Exercise objective – The expected result is the material below, reproduced exactly from its first line through the line containing "other pasta choices".

Data section –
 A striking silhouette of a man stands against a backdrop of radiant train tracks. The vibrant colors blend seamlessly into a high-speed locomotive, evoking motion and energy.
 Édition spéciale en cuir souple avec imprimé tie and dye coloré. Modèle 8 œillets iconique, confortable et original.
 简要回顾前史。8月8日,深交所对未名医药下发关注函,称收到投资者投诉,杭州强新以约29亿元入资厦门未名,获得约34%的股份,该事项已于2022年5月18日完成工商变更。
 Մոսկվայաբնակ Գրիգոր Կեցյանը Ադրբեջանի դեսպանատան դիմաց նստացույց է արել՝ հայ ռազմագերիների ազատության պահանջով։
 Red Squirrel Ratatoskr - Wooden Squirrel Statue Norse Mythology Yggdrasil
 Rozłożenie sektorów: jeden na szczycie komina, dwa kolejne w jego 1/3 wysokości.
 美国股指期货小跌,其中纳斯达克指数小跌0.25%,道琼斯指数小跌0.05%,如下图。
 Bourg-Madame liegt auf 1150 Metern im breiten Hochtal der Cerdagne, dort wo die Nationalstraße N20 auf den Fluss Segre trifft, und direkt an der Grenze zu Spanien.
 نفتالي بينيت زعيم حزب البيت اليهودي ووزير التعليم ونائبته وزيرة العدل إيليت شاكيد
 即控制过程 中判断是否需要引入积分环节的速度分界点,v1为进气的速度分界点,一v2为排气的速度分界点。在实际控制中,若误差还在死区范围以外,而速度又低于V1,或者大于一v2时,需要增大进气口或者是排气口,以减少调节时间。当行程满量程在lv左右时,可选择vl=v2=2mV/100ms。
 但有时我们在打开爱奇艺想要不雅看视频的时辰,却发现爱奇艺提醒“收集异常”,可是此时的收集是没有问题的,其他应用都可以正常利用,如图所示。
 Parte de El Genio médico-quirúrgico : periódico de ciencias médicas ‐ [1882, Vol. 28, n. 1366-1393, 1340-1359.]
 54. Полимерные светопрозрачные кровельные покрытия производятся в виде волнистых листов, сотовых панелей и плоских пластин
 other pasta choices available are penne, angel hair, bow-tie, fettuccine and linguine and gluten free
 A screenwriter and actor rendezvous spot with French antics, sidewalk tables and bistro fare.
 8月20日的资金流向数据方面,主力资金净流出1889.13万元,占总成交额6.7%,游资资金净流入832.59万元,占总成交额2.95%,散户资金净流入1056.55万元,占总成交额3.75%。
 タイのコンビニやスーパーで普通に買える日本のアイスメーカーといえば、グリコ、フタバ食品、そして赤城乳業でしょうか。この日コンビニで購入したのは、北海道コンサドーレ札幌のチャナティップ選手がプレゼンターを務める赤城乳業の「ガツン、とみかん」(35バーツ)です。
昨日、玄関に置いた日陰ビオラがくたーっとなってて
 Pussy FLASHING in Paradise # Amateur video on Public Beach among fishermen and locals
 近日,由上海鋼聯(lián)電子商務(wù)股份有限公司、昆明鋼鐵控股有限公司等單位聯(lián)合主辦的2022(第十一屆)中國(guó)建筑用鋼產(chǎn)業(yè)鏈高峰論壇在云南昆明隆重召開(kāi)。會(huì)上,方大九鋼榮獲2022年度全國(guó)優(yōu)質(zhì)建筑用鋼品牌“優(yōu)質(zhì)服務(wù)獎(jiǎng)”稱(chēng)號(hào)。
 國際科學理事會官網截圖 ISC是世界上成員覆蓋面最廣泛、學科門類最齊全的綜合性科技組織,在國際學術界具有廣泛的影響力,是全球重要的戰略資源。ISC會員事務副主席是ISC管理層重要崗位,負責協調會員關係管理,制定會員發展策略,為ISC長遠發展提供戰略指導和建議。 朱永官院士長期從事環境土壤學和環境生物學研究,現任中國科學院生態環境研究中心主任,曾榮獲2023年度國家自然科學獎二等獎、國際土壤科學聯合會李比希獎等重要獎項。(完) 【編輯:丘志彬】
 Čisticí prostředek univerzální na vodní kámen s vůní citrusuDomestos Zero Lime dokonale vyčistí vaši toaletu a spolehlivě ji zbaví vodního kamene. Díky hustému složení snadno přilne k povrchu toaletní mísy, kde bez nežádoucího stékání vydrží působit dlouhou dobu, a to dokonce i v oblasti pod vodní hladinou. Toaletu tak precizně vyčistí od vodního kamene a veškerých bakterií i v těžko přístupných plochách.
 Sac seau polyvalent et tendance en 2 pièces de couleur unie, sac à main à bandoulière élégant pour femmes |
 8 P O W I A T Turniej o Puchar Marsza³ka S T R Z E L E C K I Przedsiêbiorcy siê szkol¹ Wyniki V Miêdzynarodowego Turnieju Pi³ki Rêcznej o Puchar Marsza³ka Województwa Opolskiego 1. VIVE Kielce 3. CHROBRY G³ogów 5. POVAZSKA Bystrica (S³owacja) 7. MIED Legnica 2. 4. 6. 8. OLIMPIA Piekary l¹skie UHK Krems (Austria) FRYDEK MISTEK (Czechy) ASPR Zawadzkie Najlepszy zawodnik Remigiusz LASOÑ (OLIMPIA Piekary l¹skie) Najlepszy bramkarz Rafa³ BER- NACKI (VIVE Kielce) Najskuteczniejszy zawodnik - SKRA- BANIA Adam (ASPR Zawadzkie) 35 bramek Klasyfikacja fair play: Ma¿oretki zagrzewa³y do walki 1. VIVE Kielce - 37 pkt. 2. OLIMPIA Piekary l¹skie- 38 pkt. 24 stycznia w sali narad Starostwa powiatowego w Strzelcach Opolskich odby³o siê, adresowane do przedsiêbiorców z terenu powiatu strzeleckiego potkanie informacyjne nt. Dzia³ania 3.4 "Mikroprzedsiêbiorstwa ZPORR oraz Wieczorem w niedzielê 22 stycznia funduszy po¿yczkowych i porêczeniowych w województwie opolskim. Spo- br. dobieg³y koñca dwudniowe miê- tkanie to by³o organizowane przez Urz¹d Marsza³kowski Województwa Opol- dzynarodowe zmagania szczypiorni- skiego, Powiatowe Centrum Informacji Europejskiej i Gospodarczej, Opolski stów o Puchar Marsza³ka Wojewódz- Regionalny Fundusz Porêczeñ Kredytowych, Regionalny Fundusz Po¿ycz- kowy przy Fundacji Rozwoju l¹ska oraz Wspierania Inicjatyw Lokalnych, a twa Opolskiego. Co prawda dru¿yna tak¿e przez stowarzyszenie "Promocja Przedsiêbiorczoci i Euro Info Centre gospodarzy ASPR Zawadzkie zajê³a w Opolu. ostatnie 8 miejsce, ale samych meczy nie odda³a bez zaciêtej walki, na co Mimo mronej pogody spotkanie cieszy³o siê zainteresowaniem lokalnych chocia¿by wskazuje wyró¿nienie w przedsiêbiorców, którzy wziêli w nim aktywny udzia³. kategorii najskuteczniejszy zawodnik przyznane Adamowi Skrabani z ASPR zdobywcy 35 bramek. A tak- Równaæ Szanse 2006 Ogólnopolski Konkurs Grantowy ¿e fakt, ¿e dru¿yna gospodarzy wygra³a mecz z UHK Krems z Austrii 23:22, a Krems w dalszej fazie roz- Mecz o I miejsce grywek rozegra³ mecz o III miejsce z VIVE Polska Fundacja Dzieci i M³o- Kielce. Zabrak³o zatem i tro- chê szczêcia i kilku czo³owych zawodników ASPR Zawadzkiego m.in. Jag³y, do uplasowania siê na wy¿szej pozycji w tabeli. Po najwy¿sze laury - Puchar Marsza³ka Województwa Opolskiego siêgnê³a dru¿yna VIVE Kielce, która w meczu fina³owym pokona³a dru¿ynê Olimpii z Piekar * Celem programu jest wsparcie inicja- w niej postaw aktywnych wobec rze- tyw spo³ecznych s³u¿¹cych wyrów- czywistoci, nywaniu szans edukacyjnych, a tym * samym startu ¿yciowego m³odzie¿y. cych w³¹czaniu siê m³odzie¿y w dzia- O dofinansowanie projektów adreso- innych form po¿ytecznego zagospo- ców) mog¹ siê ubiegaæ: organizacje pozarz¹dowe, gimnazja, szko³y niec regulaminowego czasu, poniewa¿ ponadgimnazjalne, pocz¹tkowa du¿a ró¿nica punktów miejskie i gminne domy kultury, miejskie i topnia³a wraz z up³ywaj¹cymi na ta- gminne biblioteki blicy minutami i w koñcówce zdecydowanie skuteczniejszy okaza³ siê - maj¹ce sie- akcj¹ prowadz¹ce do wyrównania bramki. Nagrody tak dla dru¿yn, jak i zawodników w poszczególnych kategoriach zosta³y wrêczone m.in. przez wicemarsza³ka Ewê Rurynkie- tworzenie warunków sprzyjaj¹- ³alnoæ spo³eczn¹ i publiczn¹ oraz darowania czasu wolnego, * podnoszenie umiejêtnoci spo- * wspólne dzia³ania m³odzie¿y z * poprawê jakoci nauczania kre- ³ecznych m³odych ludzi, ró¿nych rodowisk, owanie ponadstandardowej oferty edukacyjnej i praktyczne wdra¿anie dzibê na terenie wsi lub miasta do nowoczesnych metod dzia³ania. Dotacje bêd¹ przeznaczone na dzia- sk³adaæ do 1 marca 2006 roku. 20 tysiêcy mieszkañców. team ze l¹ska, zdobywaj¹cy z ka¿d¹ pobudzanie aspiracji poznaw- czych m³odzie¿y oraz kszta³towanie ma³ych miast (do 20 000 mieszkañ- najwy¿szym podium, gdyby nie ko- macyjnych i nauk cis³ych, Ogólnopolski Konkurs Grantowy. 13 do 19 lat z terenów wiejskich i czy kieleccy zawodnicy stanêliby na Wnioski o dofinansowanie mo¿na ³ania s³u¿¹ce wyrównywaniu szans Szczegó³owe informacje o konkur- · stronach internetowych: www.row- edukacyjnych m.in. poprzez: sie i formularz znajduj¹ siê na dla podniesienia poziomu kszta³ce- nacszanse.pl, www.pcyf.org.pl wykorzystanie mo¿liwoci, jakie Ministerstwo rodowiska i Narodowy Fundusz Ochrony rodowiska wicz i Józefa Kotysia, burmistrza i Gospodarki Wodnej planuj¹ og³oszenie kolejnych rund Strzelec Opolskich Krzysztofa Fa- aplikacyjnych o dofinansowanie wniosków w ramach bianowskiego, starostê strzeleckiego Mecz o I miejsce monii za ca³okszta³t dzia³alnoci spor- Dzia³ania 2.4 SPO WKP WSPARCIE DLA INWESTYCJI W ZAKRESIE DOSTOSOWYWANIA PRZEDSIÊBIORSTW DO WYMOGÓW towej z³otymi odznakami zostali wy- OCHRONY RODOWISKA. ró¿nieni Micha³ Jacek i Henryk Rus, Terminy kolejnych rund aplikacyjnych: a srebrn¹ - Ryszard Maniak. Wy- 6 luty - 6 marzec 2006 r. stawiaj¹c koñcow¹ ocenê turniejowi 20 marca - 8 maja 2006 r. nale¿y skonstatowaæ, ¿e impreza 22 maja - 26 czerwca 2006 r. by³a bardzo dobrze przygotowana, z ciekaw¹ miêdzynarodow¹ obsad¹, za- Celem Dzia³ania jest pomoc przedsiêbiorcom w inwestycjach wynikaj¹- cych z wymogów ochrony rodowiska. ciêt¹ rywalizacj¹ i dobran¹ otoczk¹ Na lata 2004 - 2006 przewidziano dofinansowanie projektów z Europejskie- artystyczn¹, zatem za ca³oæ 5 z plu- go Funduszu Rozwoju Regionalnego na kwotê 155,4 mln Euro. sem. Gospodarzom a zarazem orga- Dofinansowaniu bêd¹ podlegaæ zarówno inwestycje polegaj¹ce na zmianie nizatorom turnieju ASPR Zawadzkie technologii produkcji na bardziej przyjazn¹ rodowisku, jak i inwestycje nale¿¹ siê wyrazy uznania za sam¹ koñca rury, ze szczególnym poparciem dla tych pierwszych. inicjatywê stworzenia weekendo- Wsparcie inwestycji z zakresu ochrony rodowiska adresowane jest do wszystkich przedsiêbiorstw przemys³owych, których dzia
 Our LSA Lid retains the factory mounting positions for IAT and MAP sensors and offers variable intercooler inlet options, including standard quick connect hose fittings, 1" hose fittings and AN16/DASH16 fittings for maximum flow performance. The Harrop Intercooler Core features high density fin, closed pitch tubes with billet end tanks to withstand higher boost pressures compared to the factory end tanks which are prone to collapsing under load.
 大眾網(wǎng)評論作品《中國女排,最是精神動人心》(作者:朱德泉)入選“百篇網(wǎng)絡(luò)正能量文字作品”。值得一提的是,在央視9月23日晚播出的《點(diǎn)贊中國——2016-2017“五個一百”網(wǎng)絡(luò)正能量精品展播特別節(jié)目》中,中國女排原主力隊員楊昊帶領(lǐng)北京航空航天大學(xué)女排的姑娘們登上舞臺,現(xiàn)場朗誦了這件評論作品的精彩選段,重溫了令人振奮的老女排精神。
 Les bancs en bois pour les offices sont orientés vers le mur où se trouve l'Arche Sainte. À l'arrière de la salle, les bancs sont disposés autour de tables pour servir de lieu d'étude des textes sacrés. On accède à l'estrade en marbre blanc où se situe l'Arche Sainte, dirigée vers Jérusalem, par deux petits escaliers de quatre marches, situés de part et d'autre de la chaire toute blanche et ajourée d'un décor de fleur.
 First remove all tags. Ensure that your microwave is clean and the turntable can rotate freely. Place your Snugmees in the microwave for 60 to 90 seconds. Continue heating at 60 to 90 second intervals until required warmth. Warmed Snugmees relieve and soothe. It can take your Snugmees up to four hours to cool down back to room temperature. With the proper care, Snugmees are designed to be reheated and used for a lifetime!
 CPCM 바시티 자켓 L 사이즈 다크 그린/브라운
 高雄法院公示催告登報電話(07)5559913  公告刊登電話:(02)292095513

Exercise result –
 A striking silhouette of a man stands against a backdrop of radiant train tracks. The vibrant colors blend seamlessly into a high-speed locomotive, evoking motion and energy.
 Édition spéciale en cuir souple avec imprimé tie and dye coloré. Modèle 8 œillets iconique, confortable et original.
 简要回顾前史。8月8日,深交所对未名医药下发关注函,称收到投资者投诉,杭州强新以约29亿元入资厦门未名,获得约34%的股份,该事项已于2022年5月18日完成工商变更。
 Մոսկվայաբնակ Գրիգոր Կեցյանը Ադրբեջանի դեսպանատան դիմաց նստացույց է արել՝ հայ ռազմագերիների ազատության պահանջով։
 Red Squirrel Ratatoskr - Wooden Squirrel Statue Norse Mythology Yggdrasil
 Rozłożenie sektorów: jeden na szczycie komina, dwa kolejne w jego 1/3 wysokości.
 美国股指期货小跌,其中纳斯达克指数小跌0.25%,道琼斯指数小跌0.05%,如下图。
 Bourg-Madame liegt auf 1150 Metern im breiten Hochtal der Cerdagne, dort wo die Nationalstraße N20 auf den Fluss Segre trifft, und direkt an der Grenze zu Spanien.
 نفتالي بينيت زعيم حزب البيت اليهودي ووزير التعليم ونائبته وزيرة العدل إيليت شاكيد
 即控制过程 中判断是否需要引入积分环节的速度分界点,v1为进气的速度分界点,一v2为排气的速度分界点。在实际控制中,若误差还在死区范围以外,而速度又低于V1,或者大于一v2时,需要增大进气口或者是排气口,以减少调节时间。当行程满量程在lv左右时,可选择vl=v2=2mV/100ms。
 但有时我们在打开爱奇艺想要不雅看视频的时辰,却发现爱奇艺提醒“收集异常”,可是此时的收集是没有问题的,其他应用都可以正常利用,如图所示。
 Parte de El Genio médico-quirúrgico : periódico de ciencias médicas ‐ [1882, Vol. 28, n. 1366-1393, 1340-1359.]
 54. Полимерные светопрозрачные кровельные покрытия производятся в виде волнистых листов, сотовых панелей и плоских пластин
 other pasta choices available are penne, angel hair, bow-tie, fettuccine and linguine and gluten free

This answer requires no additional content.